Top Democrats on the U.S. House Financial Services Committee asked the chairman of the U.S. Securities and Exchange Commission to explain at a Wednesday hearing what happened to the agency’s enforcement rights against Tron Foundation founder Justin Sun and whether his relationship with President Donald Trump had an impact.
Representative Maxine Waters emphasized that U.S. securities regulators dropped nearly all previous cryptocurrency enforcement cases last year after Trump entered the White House and changed the agency’s leadership. She highlighted the case against Sun, in which the agency investigated Sun and his company for a wide range of allegations, including that they improperly inflated the price of the token (TRX).
SEC Chairman Paul Atkins told the committee he could not discuss individual cases but said he was open to further conversations in confidential briefings “as long as the rules allow me to do so.”
Sun was formally accused by the SEC in 2023 of trying to artificially inflate TRX’s trading volume through a so-called “wash trading” scheme. He allegedly had his employees “conduct more than 600,000 TRX wash trades between two crypto-asset trading platform accounts he controlled.” But the agency suspended the case in court a year ago “while they consider potential solutions.” No resolution has been announced yet.
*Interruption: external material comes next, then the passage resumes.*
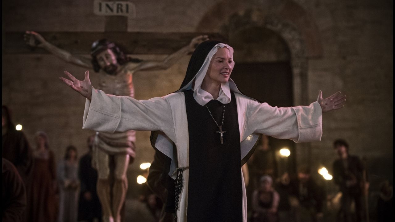 Benedetta é uma biografia dramática que se passa no século XVII e uma interpretação solta do livro Atos Imodestos, de Judith C. Brown. Benedetta Carlini (Virginie Efira) é uma freira italiana que faz parte de um convento na Toscana desde sua infância, quando foi dada por sua rica família ao convento. Desde então ela sofre de um distúrbio e tem perturbações e visões religiosas sobre a Virgem Maria, além de clamar que consegue se comunicar com ela, e visões eróticas com Jesus Cristo. Assistida por uma companheira, Carlini se verá ameaçada quando sua relação com sua rebelde ajudante se transformar em um conturbado romance amoroso. Ela foi considerada mística e venerada por sua comitiva religiosa por conta de sua fé, mas foi presa e condenada por ser sáfica.

“Well, while you’re exploring potential solutions, Mr. Sun has been busy courting the Trump circle,” Waters told Atkins, referring to Mr. Sun’s relationship with the Trump family’s World Liberty Financial Corporation.
Waters also pointed to a recent development in which Sun’s ex-girlfriend allegedly publicly suggested that she had evidence of TRX manipulation.
Spokespersons for Tron and Sun did not immediately respond to requests for comment on the exchanges during Wednesday’s hearing.
“Chairman Atkins, you have said that under your leadership, the SEC will focus on true fraud,” she said. “Do your statements extend to fraud in the crypto market?”
“As long as securities are involved,” Atkins replied.
His agency dropped high-profile enforcement matters against Binance, Ripple, Coinbase, Kraken, Robinhood and several other companies last year, with its new management criticizing the agency’s “enforcement regulatory” approach to cryptocurrencies under its previous leadership.
Asked by another Democratic lawmaker whether his agency had ever protected investors at the expense of Trump businesses, Atkins responded: “As to what the Trump family has done, I can’t comment.”
While Democrats are focused on the SEC reversing its previous cryptocurrency enforcement efforts, Republicans on the committee are focused on Atkins’ promise that he will work with the Commodity Futures Trading Commission to provide cryptocurrency industry regulations to clarify how these companies operate in the United States.
Atkins said the agencies are developing “rules that are consistent with the Clarification Act that you passed in the House and hopefully your work with the Senate will come to fruition. So, you know, we’re going to move forward with that and basically it will help determine where the jurisdiction of both agencies is.”
As the SEC and CFTC work together under its “Crypto Project” label, the CFTC has also recently begun embracing the new U.S. stablecoin approach, amending its previous so-called “no action” letter that now clarifies that national trust banks can issue payment stablecoins, expanding the list of eligible tokenized collateral to include tokens issued by such banks.
Also on Wednesday, the National Credit Union Administration, the U.S. credit union regulator, proposed a rule governing how companies can apply to become stablecoin issuers. This is the first step in implementing last year’s Stablecoin Guidance and Establishing a National Innovation in the United States (GENIUS) Act and the first major legislative victory for the crypto industry.
Meanwhile, the cryptocurrency industry is watching the policy race between Atkins’ SEC and Senate lawmakers working on the Clarification Act to regulate the U.S. cryptocurrency market. With recent setbacks slowing progress in the Senate, Atkins’ agency is likely to take the lead on digital asset rules.